ENTRIES PROVIDED: Begin

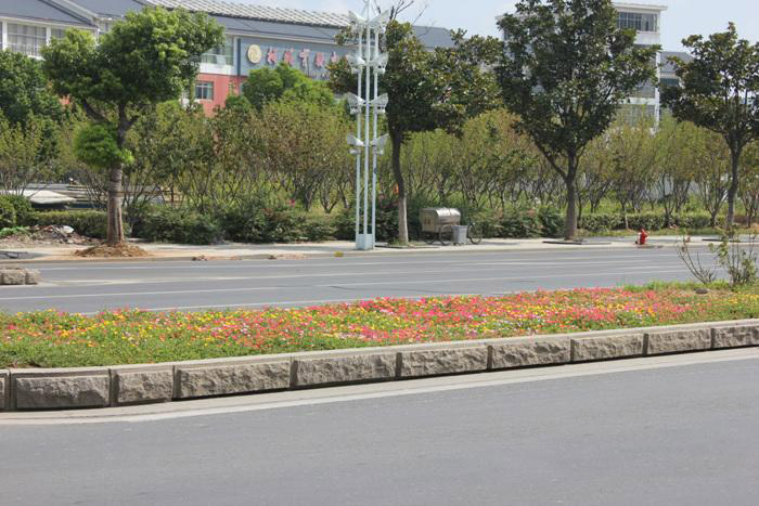 中心城區(qū)隔離帶寬度通常在80cm,隔離花箱的寬度在50cm左右,給隔離帶預(yù)留足夠空間,保證車道不夠影響。隔離花箱的高度在90cm左右,太高影響視線,太低行人易翻越。
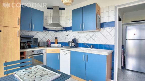 - Une cuisine équipée avec notamment : bouilloire électrique, four, four à micro-ondes, grille-pain, lave-vaisselle, plaques de cuisson...
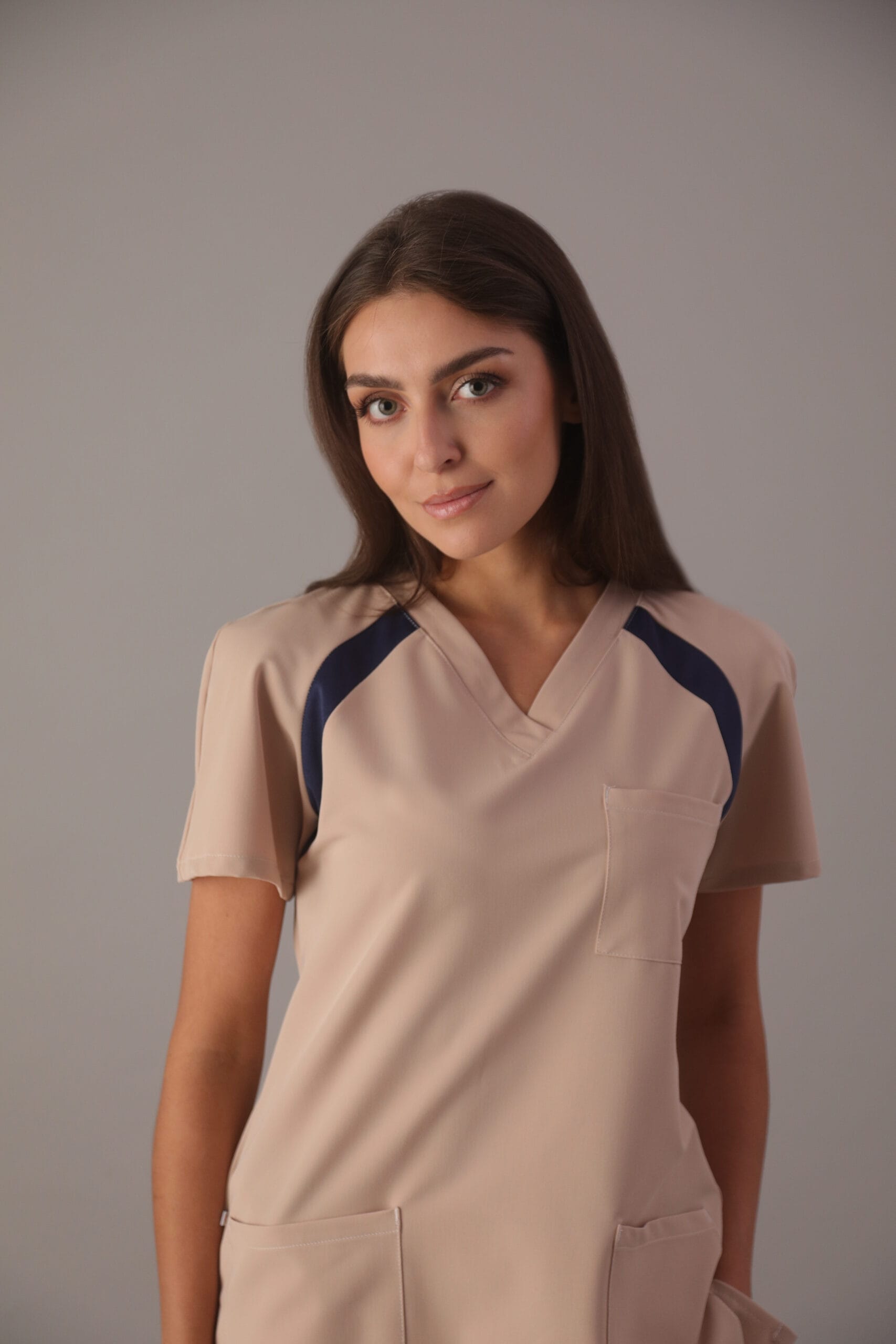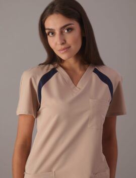 Zaprojektowana z myślą o kobietach pracujących w środowisku medycznym, łącząc funkcjonalność z eleganckim stylem. Elastyczne wstawki z przodu i tyłu bluzy sprawiają, że tkanina pracuje z ciałem nawet przy najbardziej wymagających ruchach. Bluza jest taliowana, co sprawia, że doskonale dopasowuje się do sylwetki. Długość sięgającą do połowy bioder zapewnia komfort noszenia i swobodę ruchów. Jest wyposażona w dwie dolne, symetrycznie naszyte kieszenie, które umożliwiają przechowywanie niezbędnych przedmiotów w zasięgu ręki.
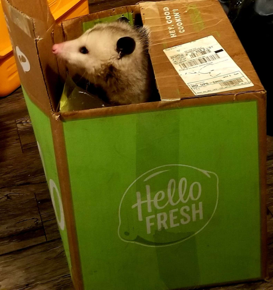 這天傍晚,格蕾琴訂的快煮餐一如往常般送到她家門口,她想說暫時把那一箱食材先放在門廊上,等清好冰箱再拿進來,但她萬萬沒料到有個聰明的小偷就趁這個時候「搶先開動」,把即將成為格蕾琴一家人晚餐的食材、能吃的都吃了,還剛好被格蕾琴逮個正著,原來就是隻路過的野生負鼠!被抓包的牠還從紙箱中探出頭來,一臉無害地和格蕾琴對望:「謝謝妳的招待耶~」讓格蕾琴又驚又喜、哭笑不得。
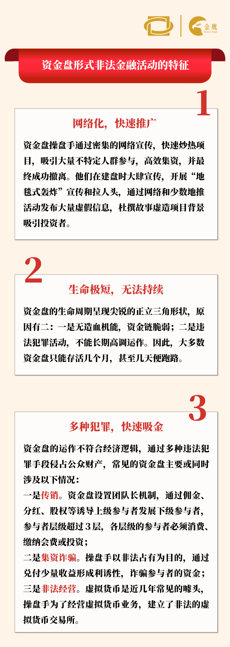 资金盘是非法侵占财产的突出乱象,具有网络化、快速敛财、非法性、利诱性、涉众性和跨地域等特点。虽然组织结构不如大型非法集资或传销严密,但其数量多、花样翻新,对公众具有迷惑性和吸引力,传染能力强。
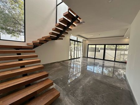 PB: cochera para 3 carros, sala, comedor, lavanderia, cuarto de servicio, recámara con baño vestidor, jardín exterior e interior
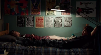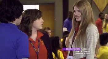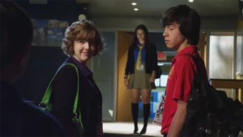 In Teen Age Riot, Clare tells Alli and Eli about how Ms. Pill is spying on their secret conversations at school and they give her advice about not dropping out of being valedictorian because of her.
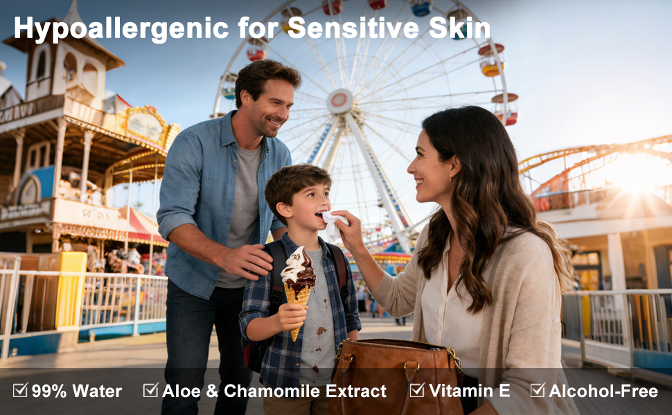 GENTLE & HYDRATING CARE — Flushable wipes travel size infused with Aloe Vera and Vitamin E deliver a soothing, hydrating clean. Our flushable wipes unscented are gentle on sensitive skin and made with 99% ultra‑pure EDI water for a fresh, clean feel with no added fragrance. Each wipe has just‑right moisture and dries quickly — not overly wet, for a fresher, more comfortable feel on sensitive skin. Gentle enough for babies and kids. Travel size wipes keep you comfortable anywhere.
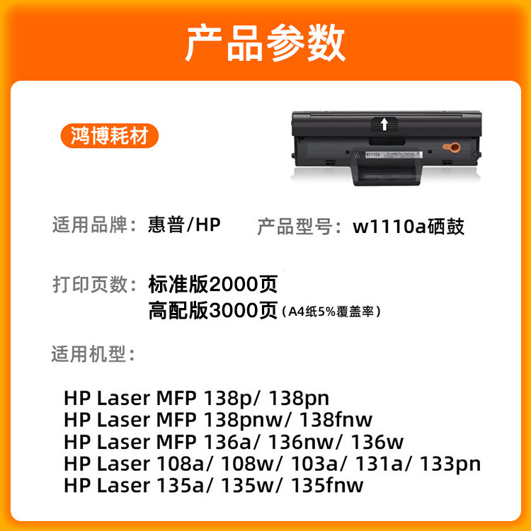 为您提供商品136a 108w pnw碳粉墨粉盒LaserMFP wm打印机墨盒w1110a粉盒138p 适用惠普136w硒鼓hp110A的详细介绍,
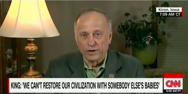 King is attempting to pretend he never said "white nationalist" or "white supremacist." He was just politely dog-whistling "Dixie" about the glories of "Western civilization," which can include people of all races, even the subhuman ones.

ENTRIES PROVIDED: End

**ACTION ITEM:** Print, word for word, the lines above that run from the line containing "资金盘是非法侵占财产的突出乱" to the line containing "In Teen Age", both included. Keep the pictures out.

**SOLUTION TO THIS EXERCISE:**
 资金盘是非法侵占财产的突出乱象,具有网络化、快速敛财、非法性、利诱性、涉众性和跨地域等特点。虽然组织结构不如大型非法集资或传销严密,但其数量多、花样翻新,对公众具有迷惑性和吸引力,传染能力强。
 PB: cochera para 3 carros, sala, comedor, lavanderia, cuarto de servicio, recámara con baño vestidor, jardín exterior e interior
 In Teen Age Riot, Clare tells Alli and Eli about how Ms. Pill is spying on their secret conversations at school and they give her advice about not dropping out of being valedictorian because of her.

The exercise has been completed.